El Niño dans le Pacifique s'intensifie avec 90 % de probabilité d'atteindre un statut très fort
Les météorologues avertissent que le réchauffement de la surface de la mer dans le Pacifique pourrait produire l'El Niño le plus fort jamais enregistré, entraînant des restrictions de navigation au canal de Panama et des risques de perturbations des cultures à l'échelle mondiale.
Réchauffement du Pacifique et prévisions des agences
Le Deutscher Wetterdienst et l'Administration nationale océanique et atmosphérique des États-Unis ont averti d'un réchauffement rapide dans l'océan Pacifique équatorial. Selon les évaluations des deux agences, le phénomène climatique El Niño en développement pourrait devenir le plus fort jamais enregistré depuis le début des mesures modernes. Les températures de surface de la mer dans le Pacifique central et oriental, la région principale responsable de la formation du phénomène, ont augmenté de manière significative au-dessus de la moyenne en juillet.
Le service météorologique allemand a souligné l'ampleur du réchauffement observé dans son évaluation.
L'un des événements El Niño les plus forts depuis le début des relevés se prépare dans le Pacifique. Le développement est déjà clairement visible.
Selon les données de l'Administration nationale océanique et atmosphérique, la probabilité que le phénomène actuel se transforme en un événement très fort au cours des prochains mois dépasse 90 %.
Météo mondiale et impacts régionaux
L'intensification du système météorologique du Pacifique menace de graves perturbations climatiques sur plusieurs continents. Des parties des Amériques, de l'Australie, de l'Asie et de l'Afrique sont confrontées à des risques accrus de conditions extrêmes, selon l'agence météorologique allemande. Alors que certaines zones typiquement arides peuvent connaître de fortes pluies et des inondations localisées, d'autres régions sont susceptibles de subir de graves sécheresses et des périodes de sécheresse prolongées. Des pays comme le Myanmar figurent parmi les territoires confrontés à une vulnérabilité accrue face à ces extrêmes météorologiques changeants.
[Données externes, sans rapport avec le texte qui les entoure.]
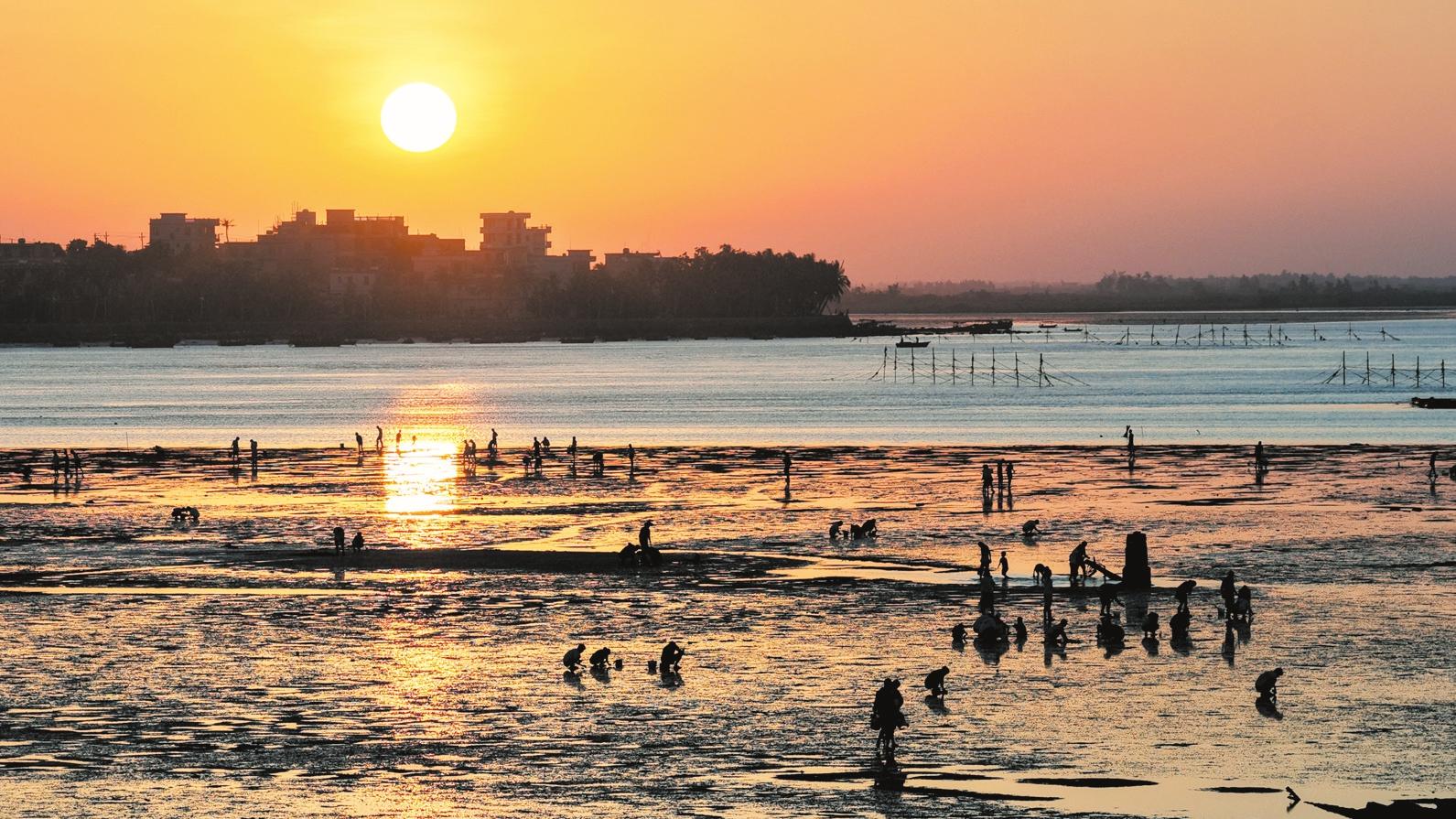 近日,在??谑忻捞m區(qū)演豐鎮(zhèn)北港島,朝陽將灘涂染成金色。一大早,不少市民游客手提小桶、腳踩灘涂、彎腰拾貝,勾勒出一幅生動(dòng)的趕海畫卷。

En Europe, les effets directs d'un El Niño fort restent nettement moins prononcés en raison de la distance du continent par rapport au Pacifique tropical. Le service météorologique a indiqué que les effets européens se produisent principalement par le biais de changements dans les schémas de circulation atmosphérique à grande échelle. Étant donné que ces changements dépendent de nombreux facteurs météorologiques en interaction, les prévisionnistes ont noté que les résultats météorologiques spécifiques en Europe ne peuvent pas encore être prédits de manière adéquate.
Restrictions commerciales et pressions sur les matières premières
Les chaînes d'approvisionnement logistiques et agricoles mondiales se préparent déjà aux conséquences du réchauffement. L'Autorité du canal de Panama a annoncé qu'elle réduira progressivement le nombre de passages de navires réservables à partir de septembre. Le canal fonctionne grâce à un système d'écluses qui rejette de l'eau douce dans la mer à chaque transit. Malgré la saison des pluies en cours et les mesures de conservation existantes, les administrateurs du canal ont déterminé que des limites préventives supplémentaires sur le trafic maritime sont nécessaires pour préserver les réserves d'eau.
- Les températures de surface de la mer dans le Pacifique central et oriental enregistrent des niveaux nettement supérieurs à la moyenne.
- Le DWD et la NOAA identifient des conditions indiquant l'un des événements El Niño les plus forts jamais enregistrés.
- L'Autorité du canal de Panama commence des réductions progressives des transits de navires réservables par jour.
- La NOAA prévoit que l'événement atteindra un statut très fort avec une probabilité supérieure à 90 %.
En plus des goulots d'étranglement de transit, la production agricole dans les régions touchées est confrontée à des pertes de rendement potentielles. Armin Bunde, professeur émérite à l'Université de Giessen qui a modélisé les cycles d'El Niño, a souligné les effets économiques secondaires des mauvaises récoltes régionales.
Les mauvaises récoltes dans la région du Pacifique peuvent entraîner une hausse des prix du sucre, du café et du cacao.
Ces perturbations agricoles dans le bassin du Pacifique pourraient entraîner une hausse des prix à la consommation pour les produits alimentaires importés en Allemagne et sur les marchés internationaux plus larges, à mesure que les conditions d'approvisionnement se resserrent.